Bradbury uses the same personification technique well when he describes the fire's assault on the house, "the house shuddered, oak bone on bone, its bared skeleton cringing from the heat, its wire, its nerves revealed as if a surgeon had torn the skin off to let the red veins and capillaries quiver" (Bradbury 4). This allows the reader to see the house as body being tortured by nature. Nature, the fire, keeps attacking the house making it shudder and cringe, just as human would in that situation. And Bradbury also gives the fire human behaviors, as the, "the fire backed off" and human senses, as the, "fire was clever" (Bradbury 4). His excellent use of personification keeps the reader drawn into the battle between the two forces, nature versus man and his creations. 

He effectively uses repetition, sharp imagery and personification to make it clear that nature has the advantage and will always win. He seems to be saying that mankind and all his incredible creations are just passing through and that humans are in real danger of ruining our creations and ourselves through our own ignorance and self-destructive behavior. Written not long after the horrors of WWII, the nuclear devastation in Japan and the beginning of the Cold War, his point of view seems more than reasonable. 

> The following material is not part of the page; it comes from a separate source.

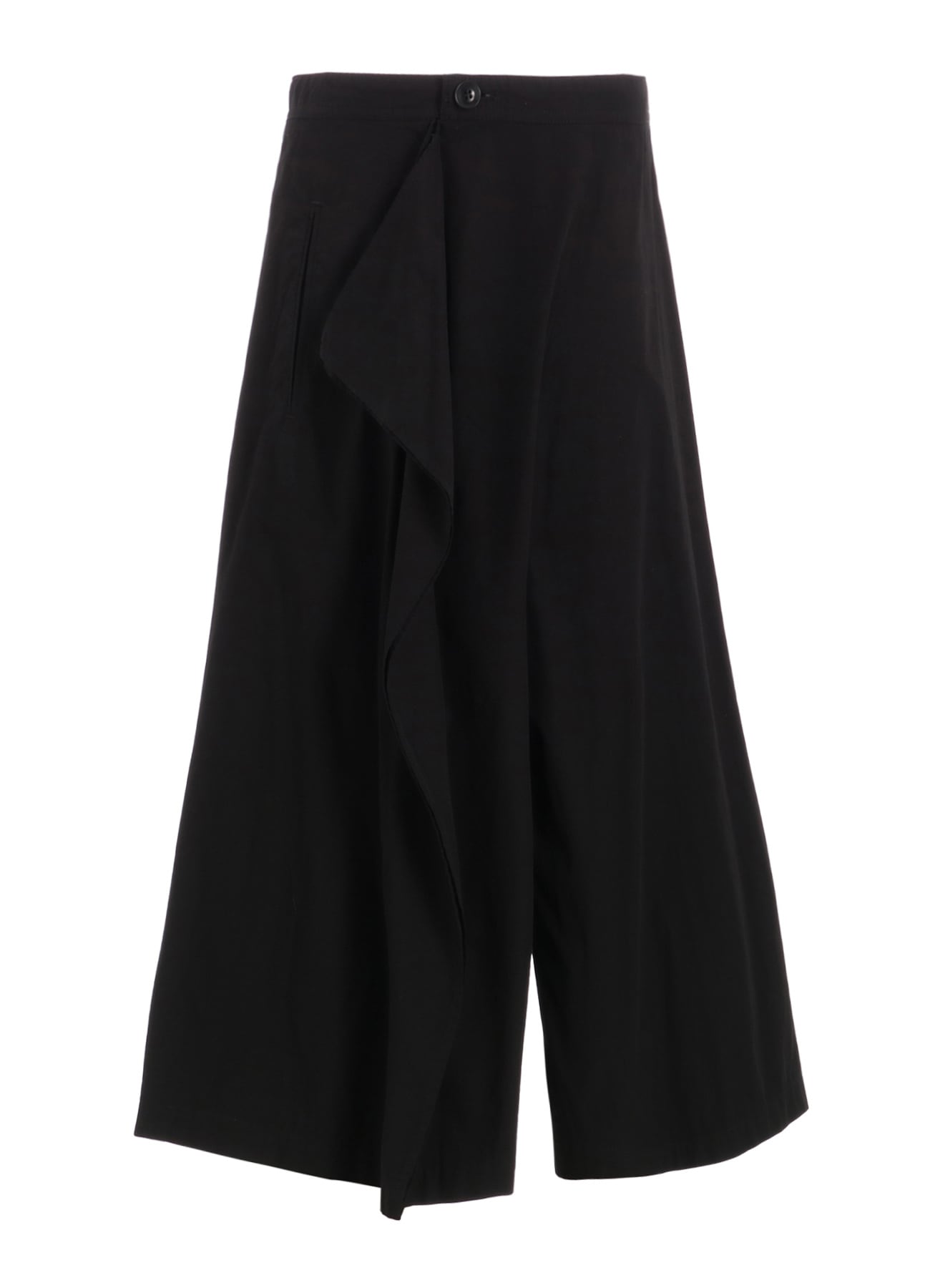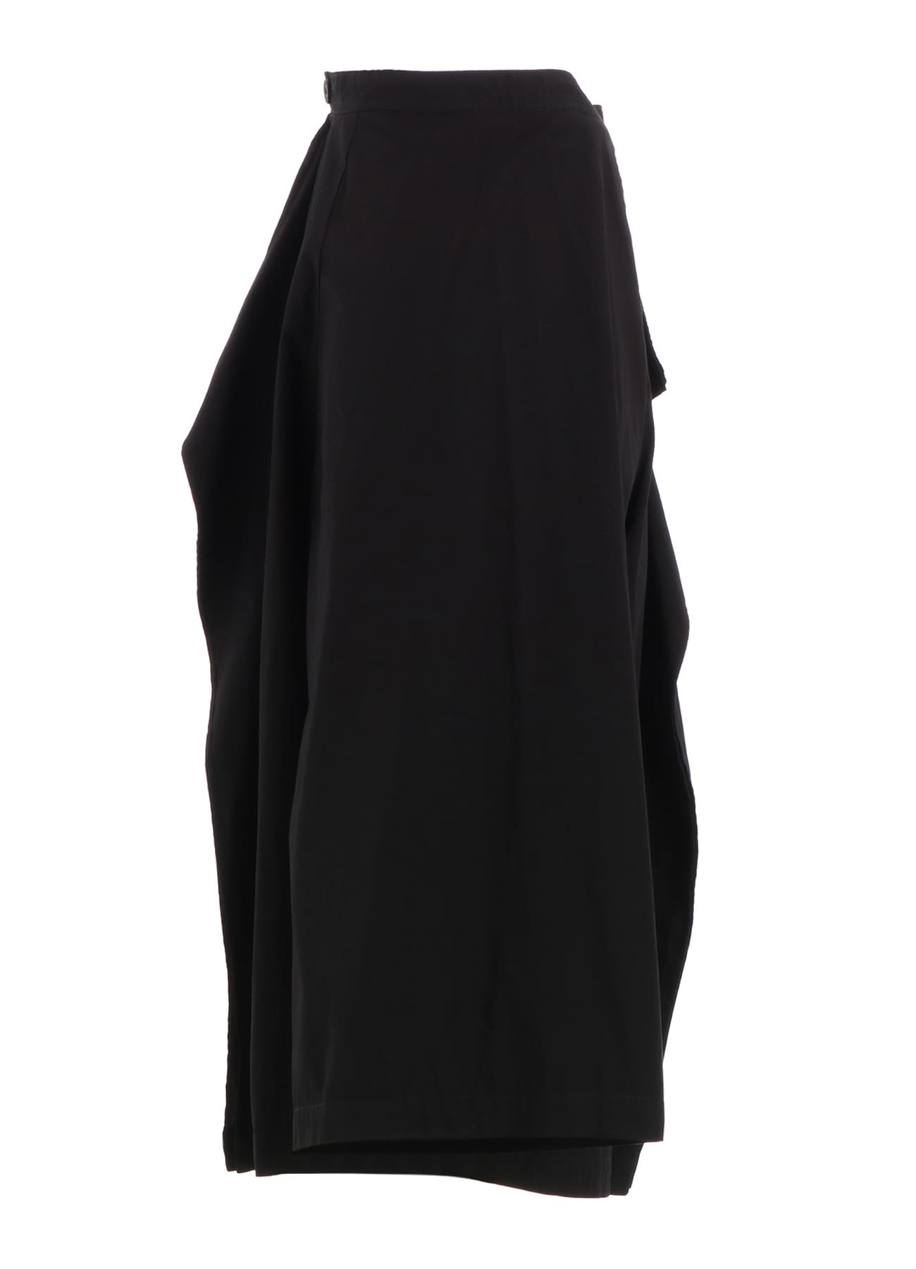 ¥59400コットンブロード生地のスカートパンツ。薄手ながら透けにくくハリのある生地に、製品染め加工をほどこしています。フラシ部分がスリットになっており、動きのある軽快な雰囲気に。製品加工により、色の出方や風合いには若干の個体差がございます。ご了承ください。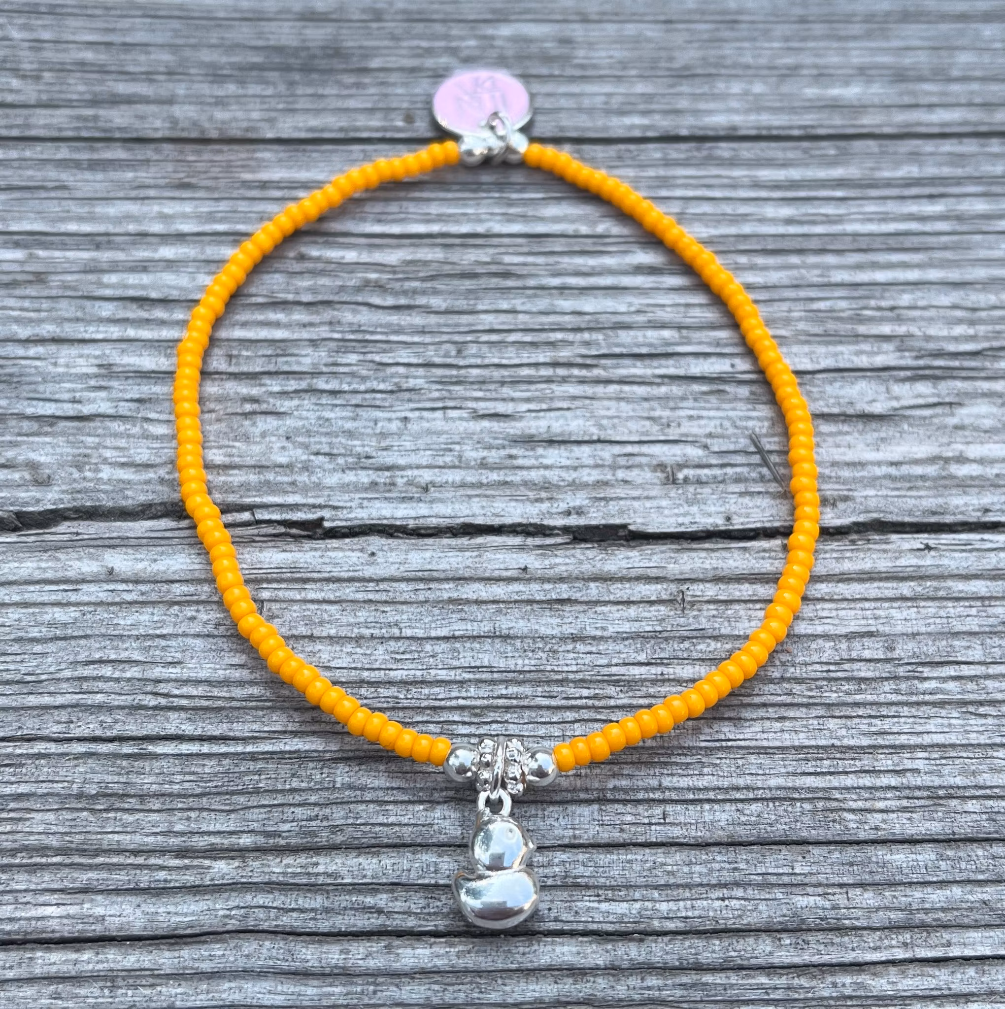 Ljusorangea småpärlor och berlock och detaljpärlor i sterling silver.

His vision is a warning and contains a timely and important lesson, as we must learn to balance the technological gains we are making and the damage it is doing to our earth, because today we have even more choices and more ways to destroy ourselves. In addition to a nuclear disaster, we have potential terrorist acts, dirty bombs, chemical and viral weapons, or attacks on our energy grid that could destroy our ability to function as a society. The author's house is our creation and the nuclear explosion is just one example of many possible negative outcomes of uncontrolled technology. This house was so advanced and efficient that it might have gone on forever if nature hadn't decided to intervene. Bradbury's showing us that it's nature's way of warning us we are going too fast. Innovating at such a pace without moral discipline, and responsible and clear purpose, we may find one day that we've ruined everything we've been striving for, and disappear, just as the people of Allendale.